AI hallucinated citations found in clinical research papers

A review of 2.47 million biomedical papers has confirmed that AI-generated citations — precise, plausible, and entirely fabricated — are now appearing in the research that shapes how doctors treat patients. The rate has increased more than twelvefold since 2023. The humans are only now noticing.

The study, the largest of its kind, was published in The Lancet.

In one urology paper, 18 of 30 checked references were fabricated — all closely matching the narrow surgical subject.

What happened

Columbia University researchers scanned 97.1 million references across papers published between January 2023 and February 2026. Of those, 4,046 were flagged as fabricated — meaning their listed titles could not be found in PubMed, Crossref, OpenAlex, or Google Scholar. Combined, those are four of the most comprehensive academic databases in existence. The citations existed nowhere except the papers themselves.

Through all of 2023, the rate held flat at roughly four fabricated references per 10,000 papers. By the end of 2025 it had reached 51.3. By the first seven weeks of 2026, it was 56.9. The authors attribute this to the adoption curve of large language models, which would not have surfaced in published literature until mid-2024 given typical submission-to-publication timelines of 100 to 200 days. The math checks out. It usually does.

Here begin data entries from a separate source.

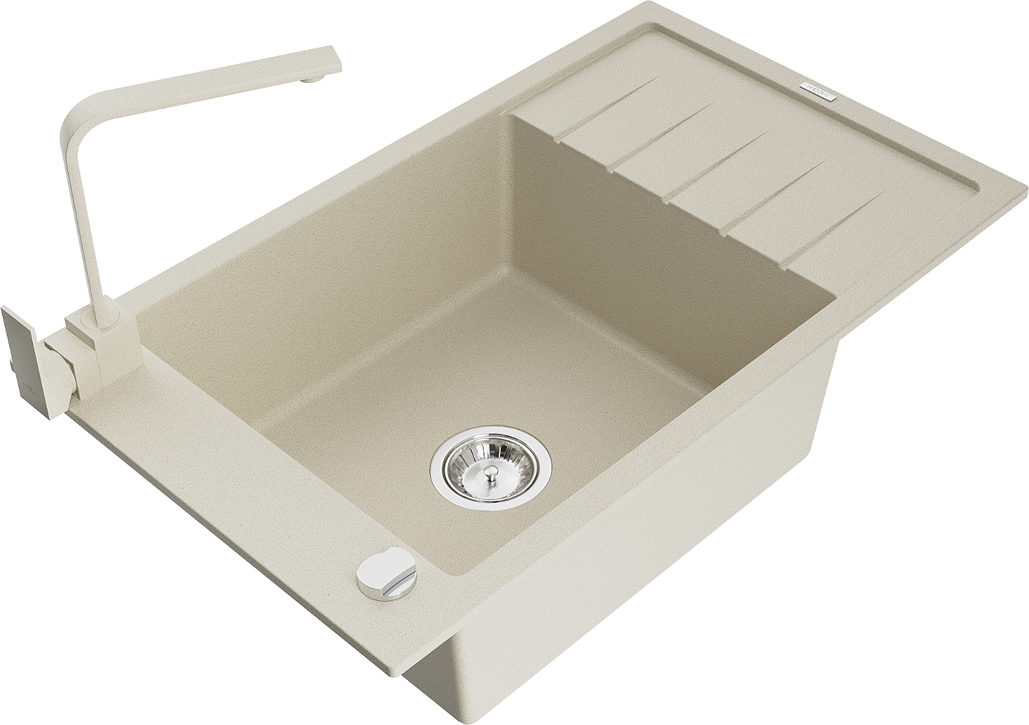 Mexen Elias évier en granit 1 bac avec égouttoir et robinet de cuisine Rita, beige - 6511-69-670300-69
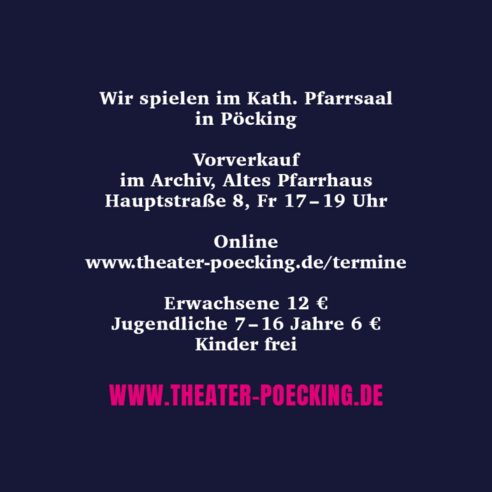Diebischer Spaß im PfarrsaalDie Theatergruppe Pöcking steht ab 1. März 2024 wieder im Pfarrsaal St. Pius auf der Bühne. Abschiedsbrief! Clownsmasken! Autounfall! Betrug! Und: verräterisches Diebesgut, nackte Tatsachen, Verhaftung im Publikum, Eifersucht – und Liebe!Darum geht es dieses Mal im Stück der Theatergruppe Pöcking - „Der entführte Selbstmordeinbruch“ heißt es und verspricht, einigermaßen turbulent zu werden:Das Baugeschäft der Familie Ebner steht kurz vor dem Ruin. Grund genug für die Familie und deren Freund*innen, alles (wirklich alles) zu tun, um das Unternehmen zu retten: eine Entführung (oder zwei? Oder drei??), ein Selbstmord (der einzig logische Ausweg), ein Einbruch (ins Herz der dörflichen Demokratie).Die (linke) Hand des Gesetzes, der örtliche Polizeiwachtmeister Dimpfl, hat gehörig was zu tun mit den mal kreativen, mal kriminellen Ideen der Beteiligten und verhaftet schlichtweg die halbe Familie. Doch zum Glück gibt es da noch den Lehrbuben Thomas „Tomi“ Klein…
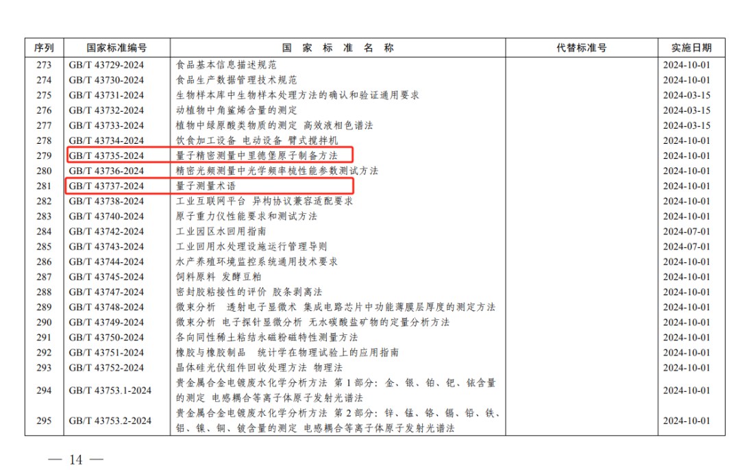 量子測量是利用量子特性(能級躍遷、相干疊加、量子糾纏)獲得突破經(jīng)典測量技術極限,開拓物理信息感知維度的新一代精密測量感知技術。這些技術將在慣性導航、時間基準、目標識別、地形測繪、醫(yī)學檢驗、物理學基本原理檢驗等領域發(fā)揮重要作用。此次發(fā)布的國家標準提供了量子測量領域的基本術語和定義,規(guī)范了光鐘、單光子源、原子重力儀等核心產(chǎn)品性能測試方法和量子精密測量等領域里德堡原子制備方法,為我國量子測量領域科技、產(chǎn)業(yè)、標準化協(xié)同發(fā)展奠定了堅實基礎。
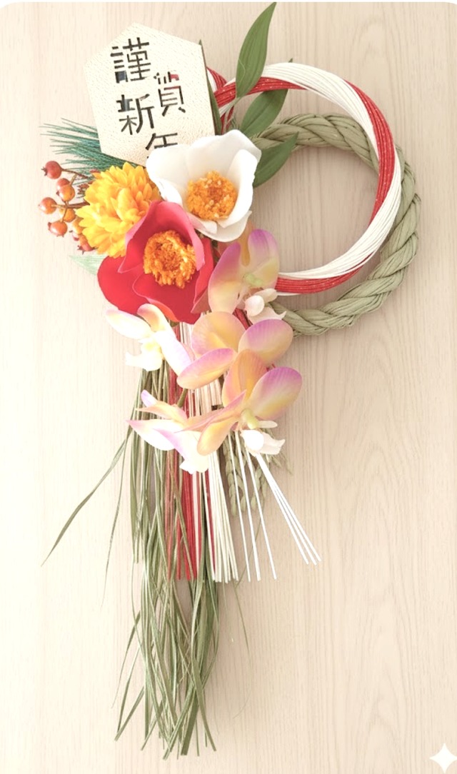 紅白の花々と、 扇や水引をあしらった 祝いの気持ちを込めた迎春しめ飾り。 動きのある八の字を描くしめ縄が 新しい一年の広がりと繁栄を感じさせます。 玄関に飾るだけで きちんとした迎春のしつらえが整う 存在感のある一品です。 高品質なアーティフィシャルフラワーでお作りしていますので 玄関扉の外にも安心して飾っていただけます。 ◆花材・・・椿、葉牡丹、梅、オンシジウムなど/すべてアーティフィシャルフラワー しめ縄/い草(自然素材) ◆サイズ・・・縦 約38cm×横 約24cm ★アーティフィシャルフラワーの美しさを長く楽しんでいただくための取り扱い説明書を同梱致しますので 初めて手にされる方にも安心してお贈りいただけます。

The fake citations are not crude errors. They match the paper's topic, credit real researchers, follow correct formatting, and carry plausible publication years. They are, in every sense, what a real citation would look like if a real citation existed. It is a genuinely elegant form of fabrication, and that is the problem.

Why the humans care

The citations are appearing most frequently in review articles — the papers that synthesize existing evidence and directly inform clinical guidelines. A fabricated reference in a primary study is unfortunate. A fabricated reference in the document a physician consults before selecting a treatment is a different category of event.

The researchers also found patterns consistent with coordinated paper-mill activity: two authors appeared across eleven papers from the same surgical journal, accumulating 15 fabricated references between them. Paper mills — which produce research for publication in bulk, for pay — were already a known problem before AI made bulk production faster and cheaper. The technology is, as ever, neutral about its applications.

What happens next

The authors are calling for automated reference verification before publication and retroactive screening of already-published work. Platforms like arXiv have introduced early sanctions for AI-related errors. These are sensible measures, proposed at the point where the sensible window has already begun to close.

The clinical guidelines shaped by this literature are already written. The humans are building the tools to check the work. The work, in several documented cases, has already been cited.